DATA TO USE: Begin

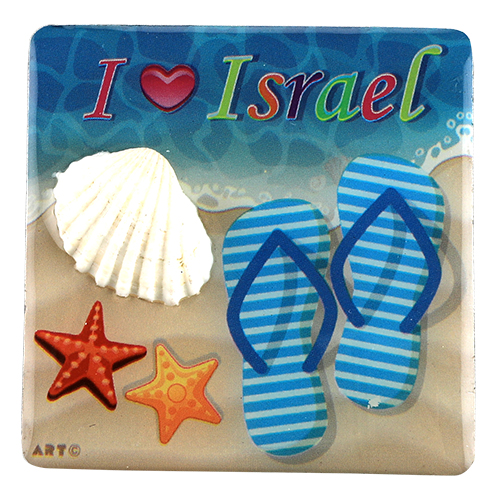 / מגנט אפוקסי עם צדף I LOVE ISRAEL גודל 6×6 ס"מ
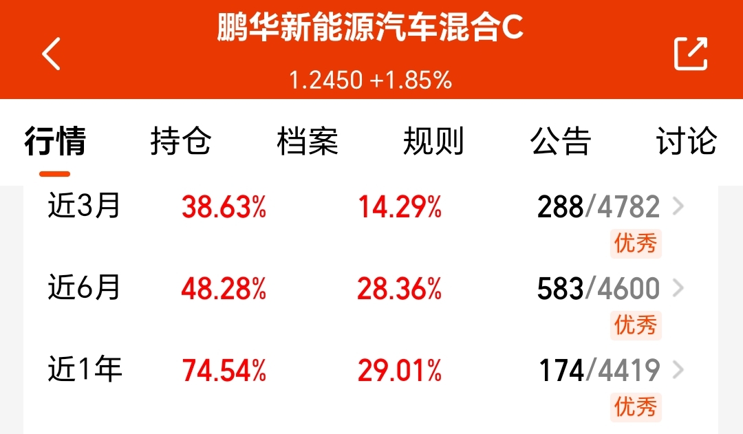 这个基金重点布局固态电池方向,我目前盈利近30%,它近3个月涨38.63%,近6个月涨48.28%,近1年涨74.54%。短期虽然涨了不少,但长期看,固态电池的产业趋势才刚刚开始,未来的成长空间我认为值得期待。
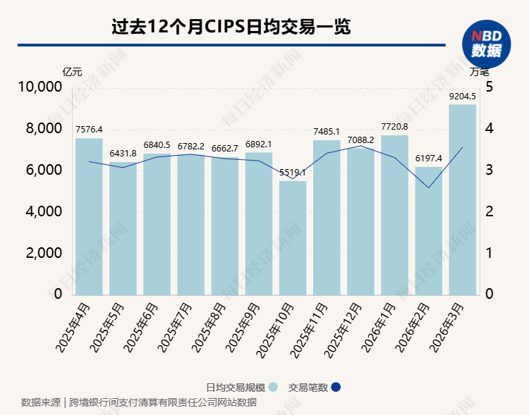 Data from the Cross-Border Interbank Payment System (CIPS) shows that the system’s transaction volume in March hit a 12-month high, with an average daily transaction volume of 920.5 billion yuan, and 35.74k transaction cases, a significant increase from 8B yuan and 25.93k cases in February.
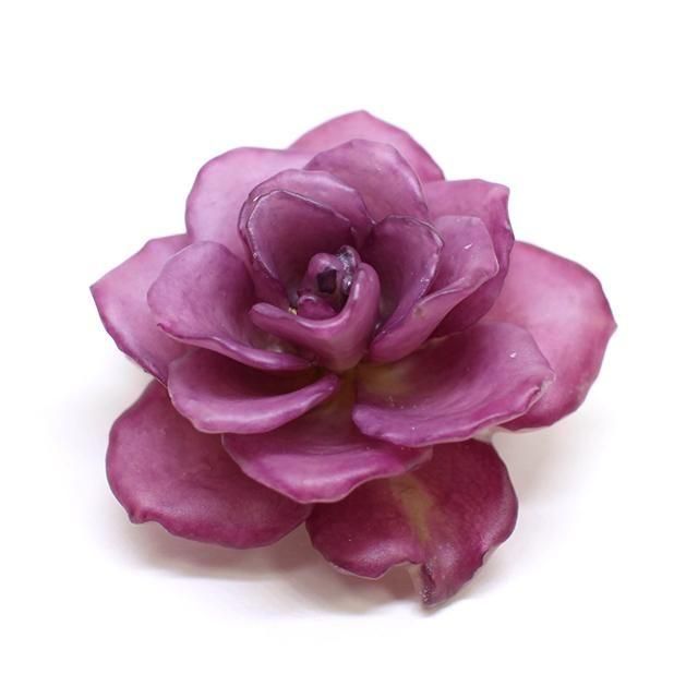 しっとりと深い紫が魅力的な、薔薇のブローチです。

DATA TO USE: End
DATA TO USE: Begin

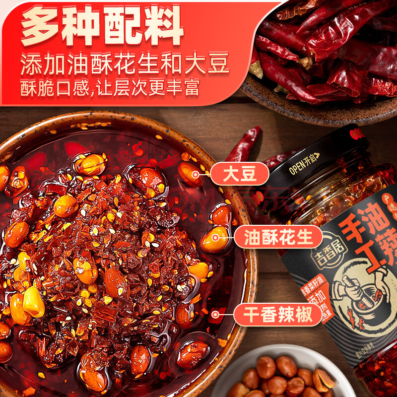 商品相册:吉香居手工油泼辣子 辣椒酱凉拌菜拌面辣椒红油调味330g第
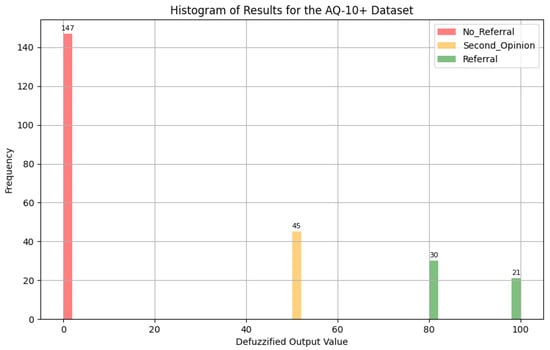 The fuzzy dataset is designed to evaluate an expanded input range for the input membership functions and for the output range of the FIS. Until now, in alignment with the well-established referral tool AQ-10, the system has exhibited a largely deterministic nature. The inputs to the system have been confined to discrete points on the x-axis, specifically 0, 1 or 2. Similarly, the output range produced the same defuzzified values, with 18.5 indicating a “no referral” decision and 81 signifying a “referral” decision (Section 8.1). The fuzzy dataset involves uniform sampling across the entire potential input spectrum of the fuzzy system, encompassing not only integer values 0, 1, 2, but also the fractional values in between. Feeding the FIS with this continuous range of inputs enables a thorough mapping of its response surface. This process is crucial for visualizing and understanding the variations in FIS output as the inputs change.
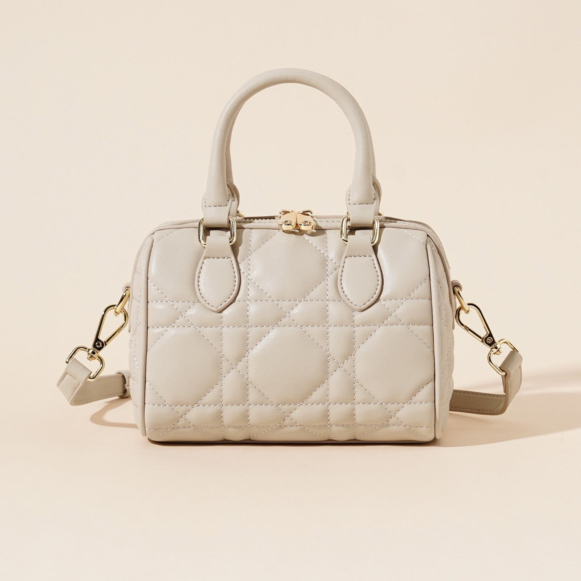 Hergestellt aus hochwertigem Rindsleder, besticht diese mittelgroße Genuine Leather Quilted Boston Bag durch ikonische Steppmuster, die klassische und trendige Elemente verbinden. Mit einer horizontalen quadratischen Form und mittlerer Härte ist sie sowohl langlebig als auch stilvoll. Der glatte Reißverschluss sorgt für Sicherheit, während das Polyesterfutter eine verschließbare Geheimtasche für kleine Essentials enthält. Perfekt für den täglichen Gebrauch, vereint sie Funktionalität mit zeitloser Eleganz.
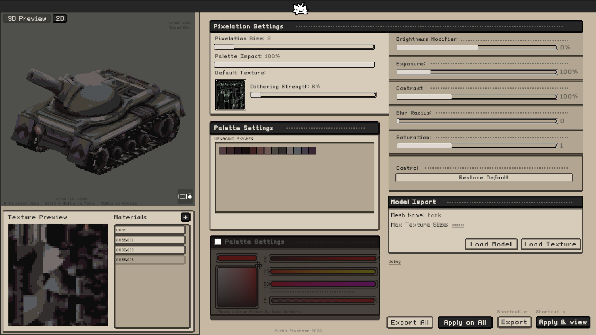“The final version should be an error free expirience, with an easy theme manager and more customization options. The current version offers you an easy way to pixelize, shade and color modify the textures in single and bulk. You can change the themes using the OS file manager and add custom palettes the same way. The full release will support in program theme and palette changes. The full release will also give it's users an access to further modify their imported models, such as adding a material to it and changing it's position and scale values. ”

DATA TO USE: End
DATA TO USE: Begin

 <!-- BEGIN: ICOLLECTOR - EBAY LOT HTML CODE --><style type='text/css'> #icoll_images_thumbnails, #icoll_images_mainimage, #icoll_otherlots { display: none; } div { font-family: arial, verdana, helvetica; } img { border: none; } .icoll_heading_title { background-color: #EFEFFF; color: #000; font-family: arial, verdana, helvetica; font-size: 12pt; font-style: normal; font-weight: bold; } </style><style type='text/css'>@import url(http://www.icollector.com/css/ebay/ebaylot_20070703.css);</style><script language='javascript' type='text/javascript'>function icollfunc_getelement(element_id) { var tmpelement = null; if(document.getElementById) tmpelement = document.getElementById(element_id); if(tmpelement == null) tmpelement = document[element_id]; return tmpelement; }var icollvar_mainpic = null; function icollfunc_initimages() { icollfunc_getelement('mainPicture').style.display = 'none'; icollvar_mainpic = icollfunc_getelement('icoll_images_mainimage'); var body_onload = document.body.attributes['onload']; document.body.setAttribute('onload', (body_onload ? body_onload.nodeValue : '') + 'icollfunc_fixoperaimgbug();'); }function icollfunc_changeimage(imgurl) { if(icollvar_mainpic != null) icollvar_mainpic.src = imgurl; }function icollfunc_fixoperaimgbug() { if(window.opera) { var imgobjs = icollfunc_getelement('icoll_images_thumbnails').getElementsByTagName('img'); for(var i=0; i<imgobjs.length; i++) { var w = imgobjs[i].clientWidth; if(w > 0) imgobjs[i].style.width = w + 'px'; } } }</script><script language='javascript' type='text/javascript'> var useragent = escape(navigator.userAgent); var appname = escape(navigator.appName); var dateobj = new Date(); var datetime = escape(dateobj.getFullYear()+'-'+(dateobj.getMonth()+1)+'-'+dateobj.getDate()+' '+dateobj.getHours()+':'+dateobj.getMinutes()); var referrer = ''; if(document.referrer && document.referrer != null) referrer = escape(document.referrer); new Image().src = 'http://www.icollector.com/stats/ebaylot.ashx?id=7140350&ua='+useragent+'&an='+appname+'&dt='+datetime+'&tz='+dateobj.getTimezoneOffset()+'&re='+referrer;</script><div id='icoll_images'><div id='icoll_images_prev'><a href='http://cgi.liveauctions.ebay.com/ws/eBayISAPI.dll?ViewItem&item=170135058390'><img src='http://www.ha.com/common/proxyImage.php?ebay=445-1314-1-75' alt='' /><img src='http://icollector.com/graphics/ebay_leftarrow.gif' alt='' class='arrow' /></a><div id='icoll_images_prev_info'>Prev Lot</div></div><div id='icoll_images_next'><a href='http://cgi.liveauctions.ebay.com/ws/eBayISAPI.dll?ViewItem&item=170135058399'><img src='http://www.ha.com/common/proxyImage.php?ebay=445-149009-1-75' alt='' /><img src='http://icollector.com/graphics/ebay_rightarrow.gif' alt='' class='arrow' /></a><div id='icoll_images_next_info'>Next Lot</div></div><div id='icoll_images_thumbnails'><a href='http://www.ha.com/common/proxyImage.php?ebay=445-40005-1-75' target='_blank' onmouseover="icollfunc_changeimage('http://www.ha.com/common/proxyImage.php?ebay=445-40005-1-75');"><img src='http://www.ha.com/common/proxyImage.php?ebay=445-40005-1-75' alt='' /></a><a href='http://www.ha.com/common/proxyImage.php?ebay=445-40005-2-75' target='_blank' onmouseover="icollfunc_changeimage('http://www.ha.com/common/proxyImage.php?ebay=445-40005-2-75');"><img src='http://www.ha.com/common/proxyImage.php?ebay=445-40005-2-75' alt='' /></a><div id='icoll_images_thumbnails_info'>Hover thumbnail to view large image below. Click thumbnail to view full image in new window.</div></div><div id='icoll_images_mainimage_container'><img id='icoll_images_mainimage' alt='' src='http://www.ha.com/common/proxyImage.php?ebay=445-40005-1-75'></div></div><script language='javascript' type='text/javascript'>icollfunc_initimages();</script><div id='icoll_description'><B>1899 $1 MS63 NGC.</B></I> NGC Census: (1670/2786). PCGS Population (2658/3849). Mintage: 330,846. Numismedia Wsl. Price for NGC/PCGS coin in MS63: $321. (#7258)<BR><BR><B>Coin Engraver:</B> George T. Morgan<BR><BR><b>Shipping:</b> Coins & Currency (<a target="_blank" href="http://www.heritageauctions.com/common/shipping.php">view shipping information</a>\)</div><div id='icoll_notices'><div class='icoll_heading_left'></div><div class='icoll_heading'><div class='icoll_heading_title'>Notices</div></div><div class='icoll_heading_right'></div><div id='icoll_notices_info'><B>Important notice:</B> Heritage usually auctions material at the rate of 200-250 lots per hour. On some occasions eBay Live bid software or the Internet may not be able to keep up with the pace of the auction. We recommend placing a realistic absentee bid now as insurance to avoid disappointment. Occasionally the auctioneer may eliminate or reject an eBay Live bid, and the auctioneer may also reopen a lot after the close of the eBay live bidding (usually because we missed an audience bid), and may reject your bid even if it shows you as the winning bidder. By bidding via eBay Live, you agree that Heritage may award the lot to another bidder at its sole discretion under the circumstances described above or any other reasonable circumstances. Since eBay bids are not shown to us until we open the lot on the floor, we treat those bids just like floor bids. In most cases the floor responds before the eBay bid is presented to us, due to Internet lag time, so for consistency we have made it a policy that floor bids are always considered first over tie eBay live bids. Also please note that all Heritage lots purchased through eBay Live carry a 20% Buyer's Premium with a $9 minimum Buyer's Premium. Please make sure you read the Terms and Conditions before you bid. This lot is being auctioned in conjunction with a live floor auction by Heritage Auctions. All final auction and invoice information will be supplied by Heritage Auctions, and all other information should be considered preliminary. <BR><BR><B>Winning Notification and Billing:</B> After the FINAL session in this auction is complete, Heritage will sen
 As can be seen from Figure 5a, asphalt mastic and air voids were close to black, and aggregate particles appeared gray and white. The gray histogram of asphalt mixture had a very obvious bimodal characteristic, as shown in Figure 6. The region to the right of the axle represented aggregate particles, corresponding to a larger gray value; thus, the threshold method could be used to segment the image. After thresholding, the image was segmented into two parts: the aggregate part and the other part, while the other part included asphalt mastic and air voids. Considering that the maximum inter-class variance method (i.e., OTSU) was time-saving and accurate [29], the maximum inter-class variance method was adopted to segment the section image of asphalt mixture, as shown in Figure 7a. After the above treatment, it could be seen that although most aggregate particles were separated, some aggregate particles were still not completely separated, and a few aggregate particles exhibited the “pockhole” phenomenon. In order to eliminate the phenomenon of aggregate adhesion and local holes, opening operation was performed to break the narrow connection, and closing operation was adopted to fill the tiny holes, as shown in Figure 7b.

DATA TO USE: End

> **WORK REQUIRED**
What you return must match the lines above from the one with "Data from the" through the one with "しっとりと深い紫が魅力的な、薔薇のブローチです。" exactly, with both ends included and the pictures excluded.

> **TASK RESULT**
 Data from the Cross-Border Interbank Payment System (CIPS) shows that the system’s transaction volume in March hit a 12-month high, with an average daily transaction volume of 920.5 billion yuan, and 35.74k transaction cases, a significant increase from 8B yuan and 25.93k cases in February.
 しっとりと深い紫が魅力的な、薔薇のブローチです。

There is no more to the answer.